Learning the ropes
In the below article you read a bit about the teaching goals of EcoClipper. Next to transporting
cargo, we are also offering emission free travel and sail training. This to realise an alternative for
flying and inspire and educate “green hands” for a career in sail.
The combination of cargo and training
Currently, most square-rigged sailing ships are occupied with the noble duty of sail training. These vessels and their related organizations offer Naval and Merchant Marine Cadets as well as members of the public a unique way to acquire skills that can be useful on or off the water. The idea being that a successful participant would absorb the values of seamanship and teamwork needed to operate the vessel and in turn transfer their experience to other areas of their lives or possibly to other ships. It has proven a very successful approach to maritime education and many countries and non-profit organizations operate such vessels.
It is our intent, with the EcoClipper ship project, to combine the role of a Sail Training Vessel with a Commercial Cargo Ship, which would be capable of carrying freight and instructing trainees. This will add a practical mercantile role for the ship on top of offering training for individuals. Taking cargo creates different facets of ship-handling to consider such as charging/discharging cargo, stowage and stability considerations, sail combinations to accommodate different ship conditions, port formalities and more all which need to be performed by the crew.
Thus, the EcoClipper offers a unique platform for learning seamanship, experiencing life at sea and engaging in sustainable freight transport.
So how is training onboard actually performed?
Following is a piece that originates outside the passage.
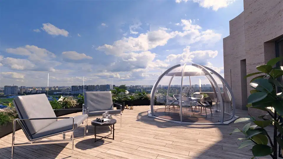 На 24-м этаже оборудована просторная терраса с мягкой мебелью, шезлонгами и панорамными видами всего Санкт-Петербурга.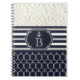 Marinho Náutico e Diário Notebook Elegante de Praia Branco. Personalize a frente com ou sem texto.

How does one learn seamanship? For this I would like to refer to a short poem of Longfellow, his poetic writing says more than I could describe in a thousand words:
Wouldst thou- so the helmsman answered,
Learn the secret of the sea,
Only those who brave its dangers
Comprehend its mystery!
The EcoClipper will be able to accommodate a maximum of 36 trainees. They will be grouped into watches, and each watch will include experienced deckhands, an AB and an officer. These members of the permanent crew will coach the trainees in all aspects of basic seamanship and safety.
In addition, organized lectures on various nautical subjects will be conducted by the ship’s officers and may include:
- ship safety and emergencies at sea
- knots, splices and line-handling
- Nomenclature and sail-handling
- shipbuilding, rigging and design
- sail theory and maneuvering
- history and evolution of sailing ships
- Charts, instruments and navigation
Thanks for signing on,
Following seas and royals all the way!